In 2016, the China-Australia Centre for Personalised Immunology (CACPI) was established to benefit patients with immune diseases.
Connecting the Centre for Personalised Immunology at The John Curtin School for Medical Research, The Australian National University and the Renji Hospital at Shanghai Jiao Tong University School of Medicine, CACPI seeks to use the joint expertise of both institutes to understand the genetic causes of immune diseases, improve diagnosis, and develop more specific and effective treatments.
Now, at the five-year mark since its inception, CACPI published results of their latest research that could stimulate new treatments for lupus.
Lupus is a chronic autoimmune disease in which a patient's immune system attacks the healthy tissues in their own body, causing inflammation and pain. The disease affects over five million people across the globe, but its causes remain poorly understood and its cure absent.
To shed light on the genetic contribution to lupus development, CACPI researchers teamed up with Jason Cyster's lab at the University of California, San Francisco and looked into the genomes of people with lupus or lupus-related antiphospholipid syndrome.
By sequencing the protein-coding regions in genomes of the patients and their families, the researchers identified three rare mutations in the gene P2RY8, including a new mutation in a child with severe lupus nephritis (inflammation of the kidneys).
These rare variants allowed the international team to uncover the role of P2RY8 in immune tolerance, a critical state in preventing the immune system from being overreactive.
All three identified mutations led to a decreased expression of the P2RY8 protein—a phenomenon seen even in many lupus patients not carrying the mutations.
Low P2RY8 also correlated with lupus nephritis and increased self-targeting immune cells, suggesting that compromised functioning of the P2RY8 pathway may contribute to the development of lupus.
"It was exciting to see a correlation between low P2RY8 in disease-causing B cells and kidney damage," said Dr Yuke He, the co-lead author of the study.
In China, lupus patients are likely to have more severe kidney damage and higher mortality risk.
The discovery of a link between P2RY8 deficiency and kidney damage, as CACPI Co-director Professor Nan Shen believes, could light up the way of developing pathway-specific therapeutics against this debilitating disease. Professor Shen is a corresponding author of the study.

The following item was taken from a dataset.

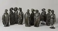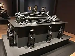 Der Sarkophag war vollständig von 24 Bronzestatuen (Pleurants/Trauernde) umgeben, die historische Persönlichkeiten darstellten und 55 cm hoch waren, darunter waren auch die Figuren des Kaisers Ludwig des Bayern (mit Kaiserkrone und Reichsapfel) und Albrecht des Bayern. 1681 wurden zehn der 24 fehlenden Bronzestatuen in Amsterdam entdeckt und 1887 an das Amsterdamer Rijksmuseum ausgeliehen. 1951 wurde ihre Herkunft durch die Untersuchungen von Jaap Leeuwenberg belegt.[4] Eine elfte Bronzestatue, die Katharina von Burgund darstellt, befindet sich im Warschauer Nationalmuseum.

"Our findings raise the possibility that augmenting signalling via the P2RY8 pathway may have therapeutic potential in prevention or treatment of systemic autoimmune disease," the researchers wrote in their paper published in the Journal of Experimental Medicine.
"The authors perform a detailed immune and genetic phenotyping to characterise new genetic variants of P2RY8 occurring in SLE patients," commented Dr Maud Tusseau and Professor Alexandre Belot from Claude Bernard University Lyon 1, "And they demonstrate the critical role of P2RY8 in preventing systemic autoimmunity." Tusseau and Belot are not involved in the study.
Behind the success story of this new insight into lupus development and treatment is a paradigm for international cooperation in immunology research that CACPI established over the past half-decade.
"This study highlights the importance of international partnerships and carrying out genetic studies in ethnically diverse populations," said Professor Carola Vinuesa, CACPI Co-director and one of the corresponding authors of the study.
Future studies in lupus models may help further characterise the mechanism of how P2RY8 limits autoimmunity.